A Sobrecarga das Mães: Quando o Cuidado Vira Peso Solitário
Nos últimos dias, assistimos a uma avalanche de notícias de pais que não assumem a carga de criar seus filhos, que não pagam pensão, que são pais de Instagram, que se vangloriam por acordar cedo e fazer sozinho o café da manhã do seu filho. Estes homens são elogiados por serem bons pais.
As mães são questionadas por ter deixado os filhos com os avós para viajarem com seus parceiros, para sair com as amigas, para cuidarem de si, entre tantas outras situações. Será que alguém questiona o pai?
Será que quando um pai fala que não lembra da última vez que ficou sozinho para refletir ou para ler um livro, ele leva em consideração o trabalho oculto da mãe do seu filho enquanto ele pousa com um pai exemplar nas redes sociais? Ou será que a mãe estava tão exausta, tão cansada e tão atarefada que mal se lembra que existem livros?
Quantas vezes em nosso entorno sabemos de situações como esta? Quantas vezes questionamos os pais sobre a responsabilidade do cuidado com seus filhos? Apesar de ser um tema muito comum, ainda assim é muito pouco elaborado, visto que tem 16 anos que eu tive meu filho e as coisas estão no mesmo lugar. Ainda não caminhamos nem dez centímetros nesta esteira dos cuidados, da responsabilidade e da divisão das tarefas com filhos.
Cada dia percebemos como as mães estão sobrecarregadas mental e fisicamente, pois para além de sua jornada de trabalho, há o trabalho invisível não remunerado com os afazeres da casa e com os filhos. Muitas mulheres recorrem a rede de apoio, formada principalmente por mulheres e funcionárias, o que nos traz um outro debate. Quem cuida dos filhos da mulher que cuida dos nossos filhos? A impressão que eu tenho é que quando nos questionamos sobre os cuidados parentais entramos numa seara muito mais profunda: o lugar da mulher na sociedade patriarcal.

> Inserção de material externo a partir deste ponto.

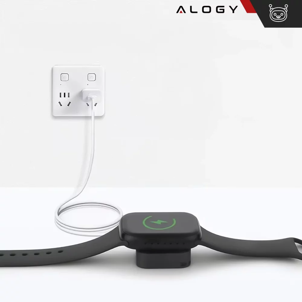 Ładowarka indukcyjna do Apple Watch Alogy Charger z portem USB-C mini ładowarka przenośna Czarna

Sabemos que os meninos são criados completamente diferente das meninas e o quanto este modelo parental reverbera no modo de se estar no mundo, pois as meninas são incentivadas a cuidar do outro e de suas coisas, a ajudar nos afazeres da casa e a serem dóceis, enquanto muitos os meninos são criados sem grandes preocupações com os cuidados com a casa e com os outros. Quando casam, homens e mulheres são convocados a reproduzir socialmente o que foi vivenciado em casa, o que propicia que os homens consigam entrar e sair do ciclo familiar e colocar suas responsabilidades em segundo plano.
Cuidamos dos nossos filhos como fomos cuidados pelos nossos pais quando éramos bebês, rememorando o quanto de investimento afetivo recaiu sobre nós e nos constituiu enquanto sujeitos. Freud faz referência ao lugar da criança na estrutura familiar com a expressão “sua majestade o bebê” para falar sobre seu valor na família, dos ideais narcísicos de seus pais e dos investimentos afetivos de seus cuidadores, pois o amor dos pais, tão comovedor e no fundo tão infantil, nada mais é senão o narcisismo dos pais renascido e transformado em amor aos filhos.
Os cuidados parentais tão importantes para o desenvolvimento subjetivo do bebê estão recaindo sobre a mãe. Vale pensar na rede familiar de uma criança que não é investida pelo pai e o quanto isto implica no seu desenvolvimento. Será que há efeito psíquico neste futuro sujeito?